Book projects in progress

updated 2026 June 16


BOOK CONTRACT (Cambridge University Press):

Learning to Love in Renaissance England (edited by William E. Engel, Rory Loughnane and Grant Williams), draws together leading scholars of early modern literature and culture to reconsider how the experience of falling in love was shaped by processes of instruction. In keeping with a print culture that popularised all manner of advice books and self-help practices, a wide range of conduct manuals and treatises on courtship assailed readers. Serving similar pedagogical and commercial interests, the period’s literature sought to frame and coach the experiences that would facilitate amorous attachments. This collection’s contribution to the topic is the argument that love was not just socially constructed, as is well documented in sexuality studies, but was learned and understood specifically through the premodern episteme, which revolved around the ancient notion of art, meaning know-how or craft. The present collection builds upon our previous studies – The Memory Arts in Renaissance England (Cambridge, 2016), The Death Arts in Renaissance England (Cambridge, 2022), and Memory and Mortality in Renaissance England (Cambridge, 2023) – that have foregrounded these fundamental categories of Renaissance knowing and doing, theory and praxis. 

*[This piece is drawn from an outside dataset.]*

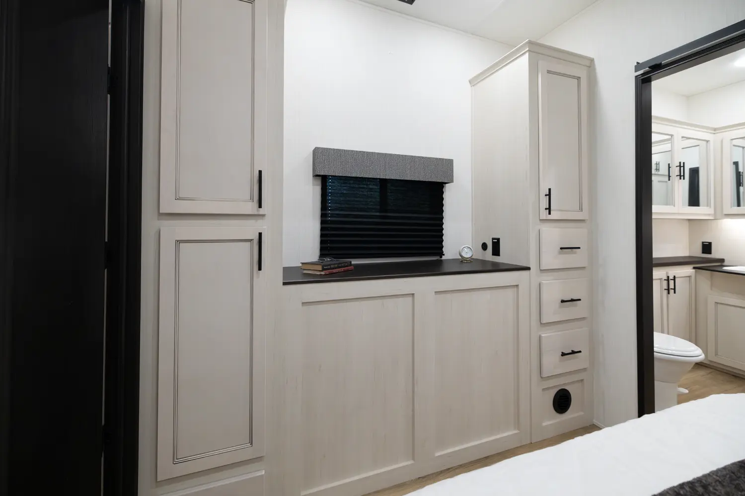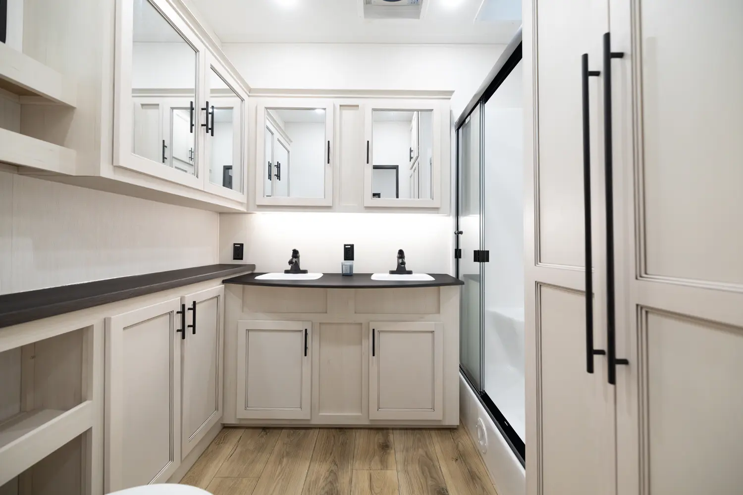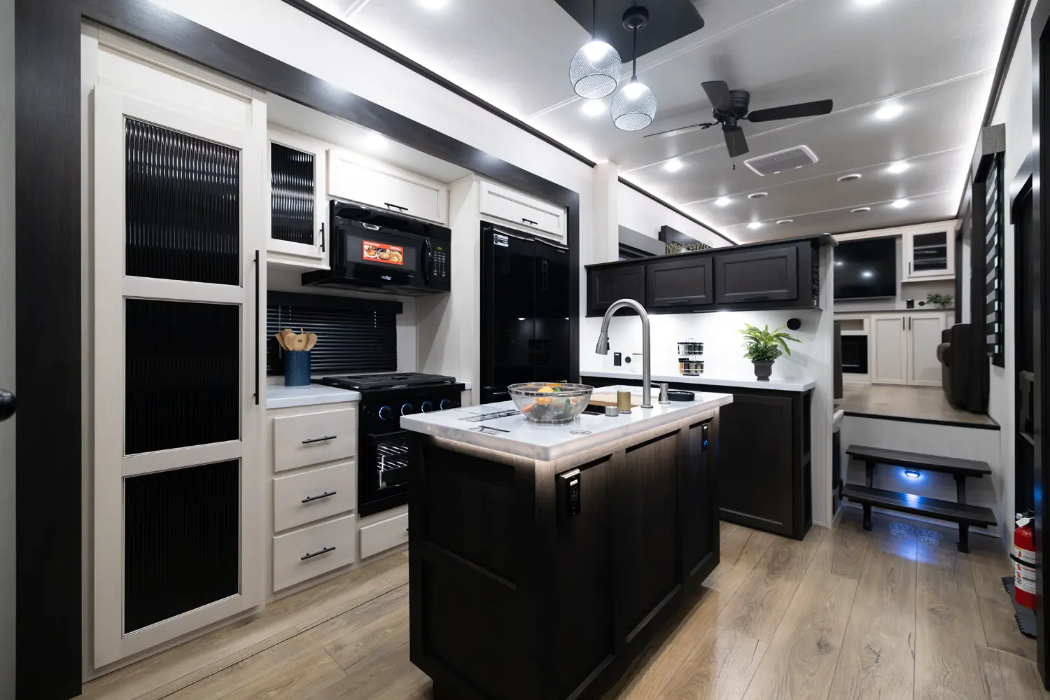 Discover the Forest River Sabre 37FLH, a luxurious 5th wheel RV designed for entertaining! This stunning front living room layout is perfect for movie nights or extra sleeping space, featuring two tri-fold sleeper sofas. The private owner’s suite includes a spa-like full bathroom, while a convenient half-bath adds extra functionality. The chef-inspired kitchen boasts premium solid surface countertops, a 12-volt fridge, air fryer microwave, large oven, and handcrafted real wood cabinetry.

_ _ _ _ _ _ _ _ _ _ _ _ _ _ _ _ _ _ _ _ 


ON-GOING AND LONG RANGE BOOK PROJECTS


At the Limits of the Visible: Cognitive Ecologies in the Premodern Paperworld 


Slips of Thought from Chaucer to Milton: Imagining the stuff of allegory


Nineteenth Century Writers Reading Renaissance Texts: Poe, Melville, and Marx


Voices in Transit: dogs, death, dialect, and demons in the works of E. A. Poe


The Ubiquity of "Grace" in the Early Modern English Archive: A Philological Inquest


What the Pastoral Remembers: case studies from Theocritus to Wendell Berry



Regarding "What the Pastoral Remembers," I am interested in the allegorical face of nostalgia in works that lament the passing of an idealized vision of life in the world which at the same time celebrate the inevitability of its passing. In some cases, such as Walton's Compleat Angler, the reader temporarily is made to forget that a seismic shift in social and political order is the accidental midwife of this testament to the imagined simple pleasures of rural life. For example there is more than "beast fable" at work in his chapter on the natural beauty and predatory finesse of the otter which also is characterized as the bane of fishermen and farmers alike. 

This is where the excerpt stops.